- Born: Scott Matthew Bloom July 28, 1973 (age 51) Merrick, New York, U.S.
- Occupations: Actor; film producer;
- Years active: 1985–present
- Relatives: Mike Bloom (brother) Brian Bloom (brother)

= Scott Bloom =

American actor and film producer (born 1973)

Scott Matthew Bloom (born July 28, 1973) is an American actor and film producer.

==Early life ==
Bloom was born in Merrick, New York. He is the brother of actor Brian Bloom and musician Mike Bloom.

==Career==
Bloom began acting in film and television at a young age, starring in the cult horror film The Stuff (1985), and subsequently appeared in numerous TV serials and TV movies including the role of Jesse Nash in the sitcom Who's the Boss? from 1987 to 1988.

Bloom's movie credits as an actor include roles in Don's Plum (2001) with Leonardo DiCaprio and Tobey Maguire, John Q (2002) with Denzel Washington and Robert Duvall, and Smokin' Aces (2006) with Ray Liotta, Ryan Reynolds, and Jeremy Piven.

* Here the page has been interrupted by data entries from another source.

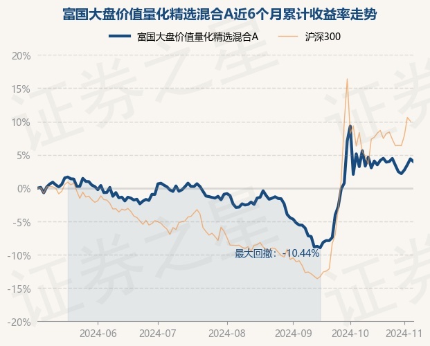 证券之星消息,11月6日,富国大盘价值量化精选混合A最新单位净值为1.6111元,累计净值为1.6111元,较前一交易日下跌0.4%。历史数据显示该基金近1个月下跌2.89%,近3个月上涨7.1%,近6个月上涨3.98%,近1年上涨11.19%。该基金近6个月的累计收益率走势如下图: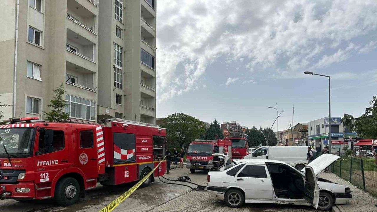 Edinilen bilgilere göre, Sarayaltı Mahallesi Celal Bayar Caddesi üzerinde bulunan 8 katlı binanın giriş katında oturan koca N.U. (45) ile eşi E.U. (36) arasında sabah saatlerinde tartışma çıktı. Tartışmanın ardından E.U. adlı kadın, Uşak İl Emniyet Müdürlüğü’ne giderek müracaatta bulundu. E.U. emniyette bulunduğu esnada kocası N.U. ise ikamet ettikleri daireyi ve binanın önünde bulunan E.U’ya ait iki aracı yakarak olay yerinden kaçtı.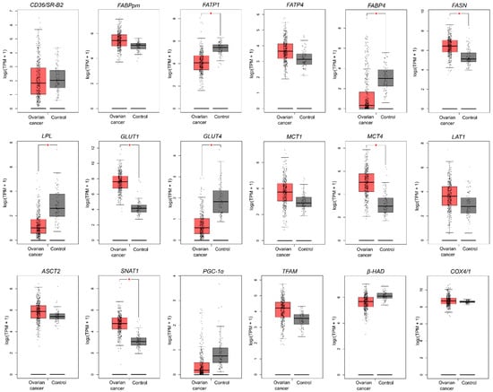 The transcription level of metabolism-related genes that significantly differed between ovarian cancer (n = 426) and control tissue (n = 88). Data are based on the TCGA cancer cohort and GTEx control samples. Data derive from The Gene Expression Profiling Interactive Analysis (GEPIA) database based on the TCGA-OC dataset and normal ovarian tissues (GTEx, Genotype-Tissue Expression project). Differences statistically significant at * p < 0.05.

Partnered with Giovanni Agnelli and Manny Mashouf, Bloom founded the production company Argonaut Pictures in 2007. The company released the film Welcome to the Rileys, starring Kristen Stewart, James Gandolfini, and Melissa Leo in 2010. The project was produced by Ridley Scott and Scott Free Productions, and directed by Jake Scott.